The fluctuations in GDP per capita, calculated in US dollars, are affected by factors such as exchange rates and prices of goods. The rapid growth of South Korea's GDP over the past two years correlated to increased prices and currency values. Looking back at Taiwan's situation, the NT dollar has dropped while most prices have been stagnant. But the growth rate of Taiwan's GDP was still higher than that of South Korea last year.

In terms of the nation's overall economy, stable prices are indeed a positive phenomenon. But it's abnormal to be unable to increase prices on products competing in the international market while our output is constantly increasing and added value remains stagnant. This situation more or less reveals that the manufacturing mode of this economy focuses on increasing quantity, not added value. The nation's contract manufacturing (CM) industry serves as an example.

Most people would agree that at a time when Taiwan is becoming a developed country, its industry must transform from investment-oriented to innovation-oriented. Technology research and development (R&D) is a key foundation for an innovative system. Judging from major technology indexes, Taiwan has already come out on top in most international rankings compared with South Korea. The problem is that the results of our technology R&D have not improved the added value of the industry.

Of course, we can intuitively claim that our technological innovation might be disconnected from the industry's needs. But could the problem also be that our industry has been tightly locked in by the close international manufacturing division of labor? If that is the case, any major innovative reforms will be ineffective. Even if manufacturing costs are reduced because of product innovation, the profits go to those international brands, not to their contractors.

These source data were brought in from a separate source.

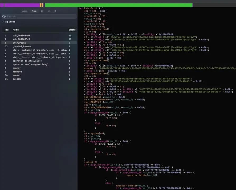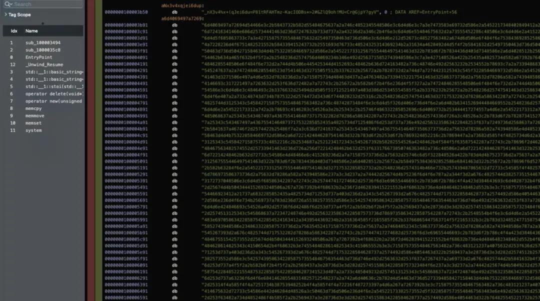 Through static disassembly analysis, the figure below shows the entry code of the binary file, which is used for data decryption and script execution.
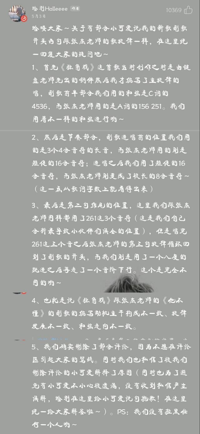 为此,《独角戏》所谓的创作者对于网友对他抄袭这件事,也进行了回应。对于长篇大论的回应,我做了简单解析:1、独角戏的副歌与《他不懂》和弦不一致;2、音符、旋律等地方与张杰的歌也是存在着很大的差异;3、直接表明自己没有抄袭,拒绝骂战。
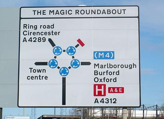 Een magische rotonde is een rotonde ontwikkeld door het Britse Transport research laboratory om de problemen van congestie bij rotondes met veel zijwegen te ondervangen.
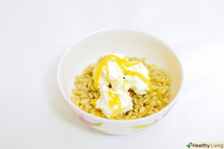 Підсолодіть фарро.перемішайте фарро кімнатної температури з сиром Рікотта і медом за смаком. При бажанні прикрасьте корицею.
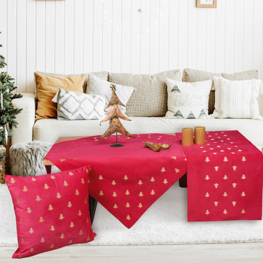Χριστουγεννιάτικο καρέ βελουτέ, σε κόκκινο χρώμα και με κεντημένα χρυσά ελατάκια. Στολίστε οποιονδήποτε χώρο του σπιτιού και δώστε μία μοναδική Χριστουγεννιάτικη ατμόσφαιρα.
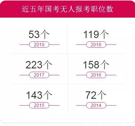 2019年國考共53個職位無人報考,2018年國考共119個職位無人報考。2018年無人報考職位全部來自中央國家行政機關直屬機構(省級及以下)和參照公務員法管理事業(yè)單位兩個系統(tǒng),分別有75、44個職位無人報名,中央部委職位全部有人報考,僅1個省級職位無人報考,其余全部來自市及以下職位。
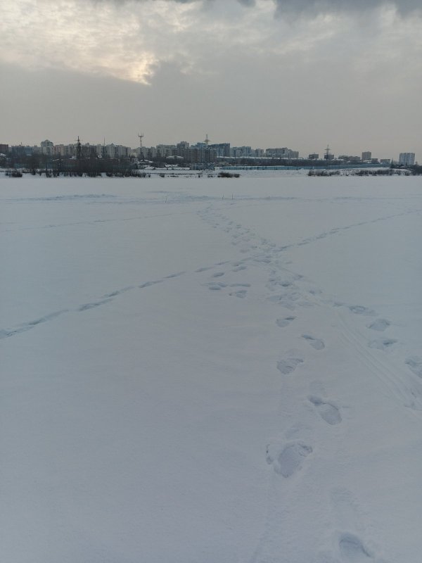 Когда тащил очередную забагренную плотвичку вдоль камыша у берега, вальяжно так, вышла не маленькая щука (по ощущениям 2-2,5кг). Посмотрела, что за суета и пошла по своим делам. Пока телефон достал замерзшими руками, уже отошла от берега, через пар от воды не получилось её снять.
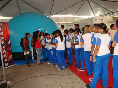 foto_planetarioUm planetário inflável, com 5m de diâmetro e 3,1m de altura, é uma das principais atrações da I Mostra Científica do Maranhão, aberta nesta quarta-feira, 20, e que se estenderá até sexta-feira, 22, das 9h às 18h na Praça Maria Aragão. O evento é promovido pela Fundação de Amparo à Pesquisa e ao Desenvolvimento Científico e Tecnológico do Maranhão (FAPEMA), em parceria com a Universidade Federal do Maranhão (UFMA), Universidade Estadual do Maranhão (UEMA), Centro Universitário do Maranhão (UniCEUMA), e apoio da Vale e Secretaria Estadual de Educação.
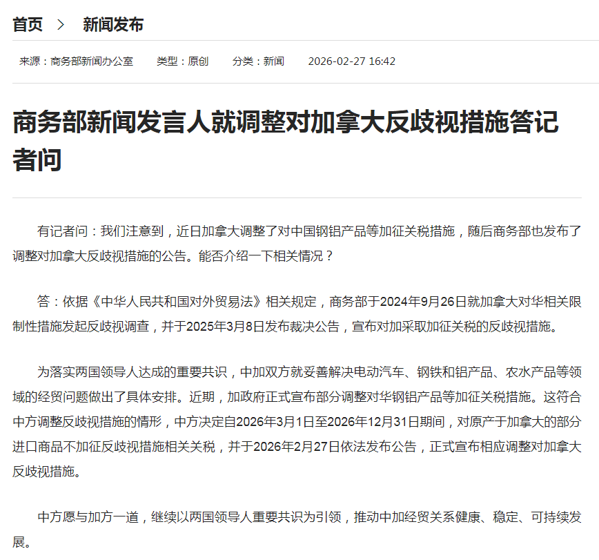 为落实两国领导人达成的重要共识,中加双方就妥善解决电动汽车、钢铁和铝产品、农水产品等领域的经贸问题做出了具体安排。近期,加政府正式宣布部分调整对华钢铝产品等加征关税措施。这符合中方调整反歧视措施的情形,中方决定自2026年3月1日至2026年12月31日期间,对原产于加拿大的部分进口商品不加征反歧视措施相关关税,并于2026年2月27日依法发布公告,正式宣布相应调整对加拿大反歧视措施。
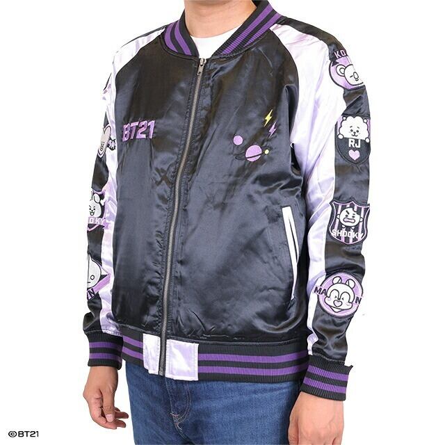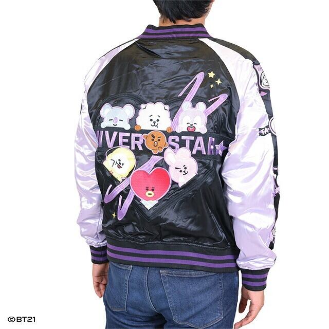 BT21 パープルハートハート スカジャン 刺繍 新作 プレゼント キャラクター グッズ ジャケット アウター メンズ レディース アニメ お土産 おみやげ 外国人 文化 伝統 ジャパン Japan上着 おしゃれ 防寒 グッズ ファッション

The Taiwanese companies operating in China serve as an example. Apart from Taiwan's manufacturing companies seeking a "second spring," most Taiwanese companies invest there at the request of international brands. Once they relocate to China, the reduced costs will be deducted from their original payments. Thus the true beneficiaries are always those who dominate the division of labor, not the participants.

People often take an industry's use of Chinese resources as a measure to evaluate the future development of the sector. Such an observation is not only dangerous but also biased. In the past decade, Taiwan, Singapore and Hong Kong embraced Chinese resources the most. But their economic performance actually lags far behind that of smaller European economies. The reason is that those smaller European countries do not have an environment of cheap manufacturing costs, and can only innovate to boost value.

If the thinking in Taiwan's industry still focuses on saving manufacturing or transport costs -- a strategy which has been proven unable to increase added value -- it's certainly the government's undeniable responsibility to shift its rewards to enterprises that devote themselves to innovative R&D activities.